Holders of the Preferred Units are entitled to receive cumulative
distributions of 7.25% per annum. While the Preferred Units are
outstanding, the Partnership will be prohibited from paying
distributions on any junior securities, including Common Units,
unless full cumulative distributions on the Preferred Units (and
any parity securities) have been, or contemporaneously are being,
paid or set aside for payment through the most recent Preferred
Unit distribution payment date. At any time prior to an investment
grade rating event (as described below) or the Common Units are no
longer listed for trading on a national securities exchange, the
Preferred Unit distributions may be paid, in the sole discretion of
the General Partner (subject to certain rights of a holder to elect
cash), in additional Preferred Units, with the remainder paid in
cash.
On and after the fifth anniversary of the Closing Date, each holder
of Preferred Units may convert, in whole or in part, at any time
and from time to time upon the request of such holder, subject to
certain limitations, its Preferred Units into a number of Common
Units equal to (a) the number of Preferred Units to be
converted multiplied by (b) the quotient of (i) the
Preferred Unit Purchase Price plus any accrued and unpaid
distributions per Preferred Unit, divided by (ii) 92.5% of the
volume-weighted average price of the Common Units for the five
consecutive full trading days ending on the last full trading day
immediately prior to the delivery of a conversion notice.

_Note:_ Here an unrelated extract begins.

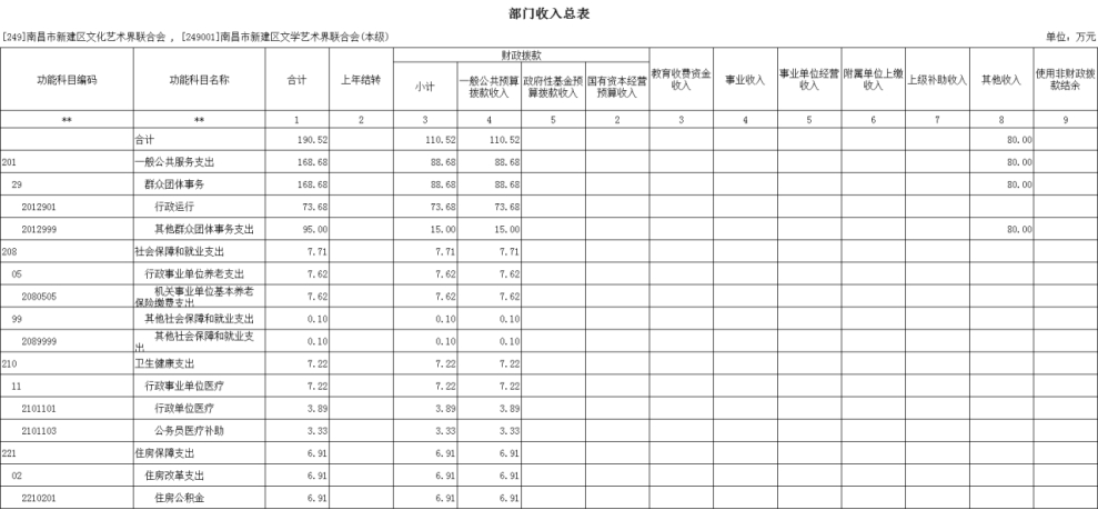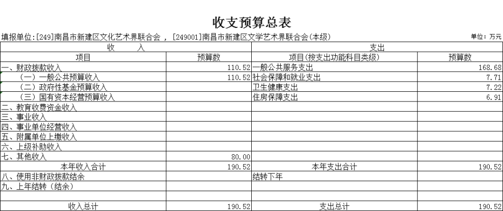 2025年南昌市新建區文學藝術界聯合會單位收入預算總額為 190.52萬元,較上年預算安排增加15.17萬元,上升8.65%,主要原因是:人員數量較上年相比增加1人。其中:財政撥款收入 110.52萬元,較上年預算安排增加15.17萬元,主要原因是:人員較上年相比增加1人;教育收費資金收入 0 萬元,較上年預算安排增加 0 萬元;事業收入0 萬元,較上年預算安排增加 0 萬元;事業單位經營 收入 0 萬元,較上年預算安排增加 0 萬元; 附屬單位上繳收入 0 萬元,較上年預算安排增加 0 萬元;上級補助收入 0 萬元,較上年預算安排增加 0萬元;其他收入 80 萬元,較上年預算安排增加 0 萬元,主要原因是:與上年保持一致;使用非財政撥款結余 0 萬元,較上年預算安排增加 0 萬元;上年結轉(結余) 0 萬元,較上年預算安排增加 0 萬元。
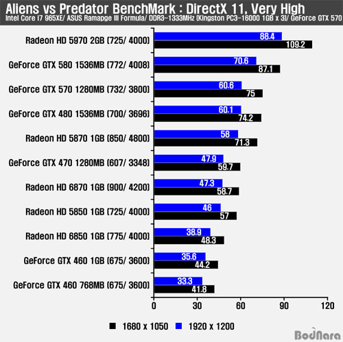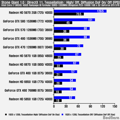 Å×¼¿·¹À̼ǰú DirectX 11À» Áö¿øÇÏ´Â ½ºÅæ ÀÚÀÌ¾ðÆ® º¥Ä¡¸¶Æ® ¿ª½Ã Alines vs Predator DX11 º¥Ä¡¸¶Å©¿Í ¸¶Âù°¡Áö·Î µà¾ó GPU ±â¹ÝÀÇ ¶óµ¥¿Â HD 5970ÀÌ Å×¼¿·¹À̼ÇÀ» ÄÑ°í ²û°ú °ü°è¾øÀÌ °¡Àå ³ôÀº ÇÁ·¹ÀÓÀ» Á¦°øÇÏ´Â °ÍÀÌ È®ÀεȴÙ. ÀÌÇÏÀÇ ½Ì±Û GPU Á¦Ç°±º¿¡¼´Â ÁöÆ÷½º GTX 580À» À̾î ÁöÆ÷½º GTX 570°ú GTX 480Àº Â÷À̾ø´Â ÇÁ·¹ÀÓÀ» Á¦°øÇÑ´Ù.

Upon the occurrence of an investment grade rating event, as
described below, at any time on or prior to the sixth anniversary
of the Closing Date, each holder of Preferred Units may convert its
Preferred Units into a number of Common Units equal to the quotient
of (a) $1,010 plus any accrued and unpaid distributions per
Preferred Unit, divided by (b) 92.5% of the volume-weighted average
price of the Common Units for the five consecutive full trading
days ending on the last full trading day immediately prior to the
delivery of an investment grade rating event notice. An investment
grade rating event would occur if the senior notes issued by
Enterprise Products Operating LLC cease to have a rating of at
least “BBB-” or higher by
S&P Global, Inc., “BBB-” or higher by Fitch Ratings, Inc.
or “Baa3” or higher by Moody’s Investor Services, Inc.